Omit every picture and write out the rest of the records exactly.

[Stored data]

════

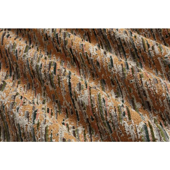 On ne saurait vous dire si Koons est un faux uni ou un motif abstrait, il est unique ! En effet, il est constitué d’un assemblage de tâches, traces, traits, dans différentes couleurs mais aussi différentes textures (tissage toile, velours…). Le coloris fond ocre pourrait être décrit comme un orangé entrecoupé de grège, ficelle, marron, pêche et deux nuances de vert.
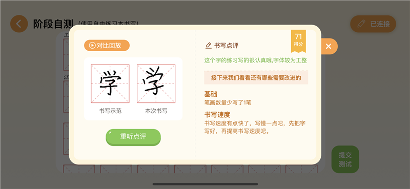 选择“阶段自测”,可模仿专业教员的点评体例,打制“硬件+软件+办事”办事,教材划一的程度孩子不会呈现练字的瓶颈,
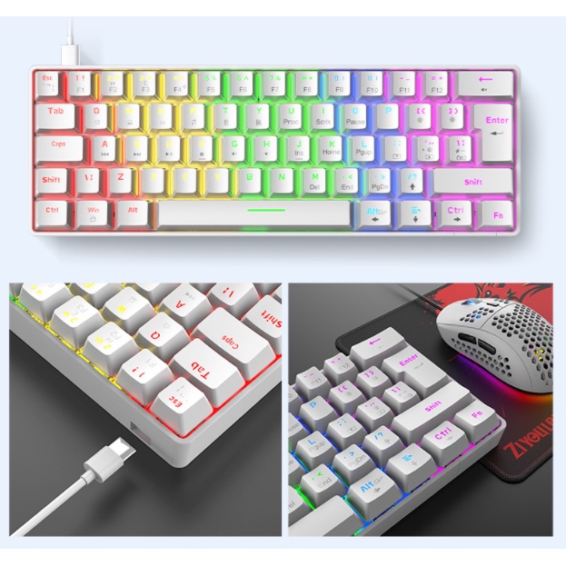 Bàn Phím Cơ Wolf T60 62 phím có dây led RGB dành cho PC, laptop
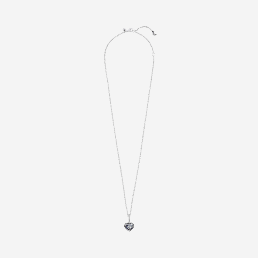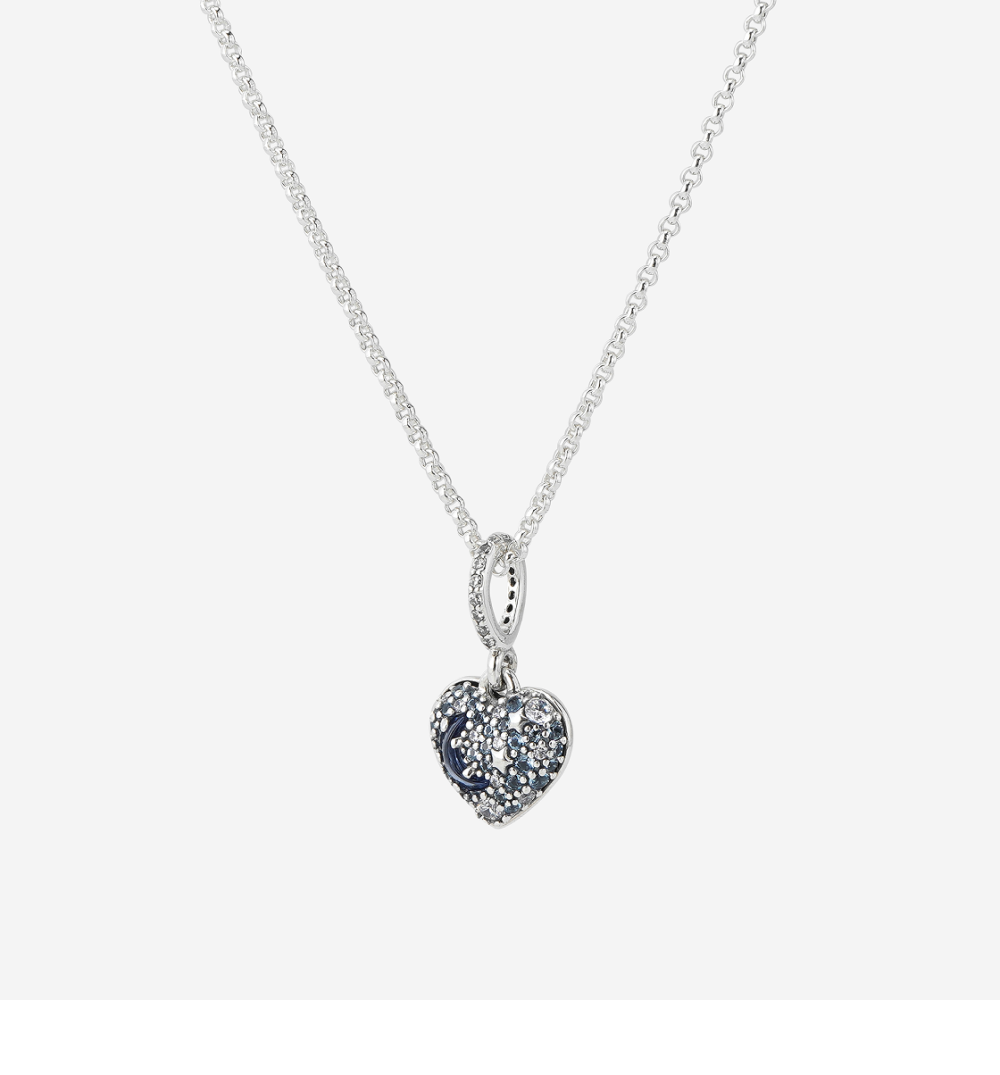 (W) Pandora Sparkling Blue Moon & Stars Heart Necklace Sterling Silver Blue
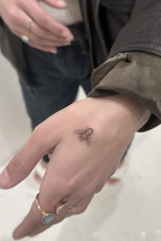 Buzzing with symbolism, this tiny bee tattoo by liqfromthewood is all about community, hard work, and sweetness in life.
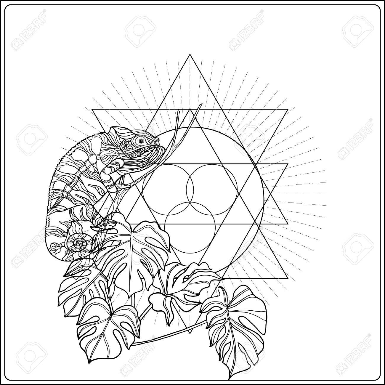 Les Animaux Et Les Plantes Tropicales Fond Avec Le Symbole De La Geometrie Sacree Dessin Au Trait Vector Illustration Bon Pour Adultes Livre De

════

Task response:
 On ne saurait vous dire si Koons est un faux uni ou un motif abstrait, il est unique ! En effet, il est constitué d’un assemblage de tâches, traces, traits, dans différentes couleurs mais aussi différentes textures (tissage toile, velours…). Le coloris fond ocre pourrait être décrit comme un orangé entrecoupé de grège, ficelle, marron, pêche et deux nuances de vert.
 选择“阶段自测”,可模仿专业教员的点评体例,打制“硬件+软件+办事”办事,教材划一的程度孩子不会呈现练字的瓶颈,
 Bàn Phím Cơ Wolf T60 62 phím có dây led RGB dành cho PC, laptop
 (W) Pandora Sparkling Blue Moon & Stars Heart Necklace Sterling Silver Blue
 Buzzing with symbolism, this tiny bee tattoo by liqfromthewood is all about community, hard work, and sweetness in life.
 Les Animaux Et Les Plantes Tropicales Fond Avec Le Symbole De La Geometrie Sacree Dessin Au Trait Vector Illustration Bon Pour Adultes Livre De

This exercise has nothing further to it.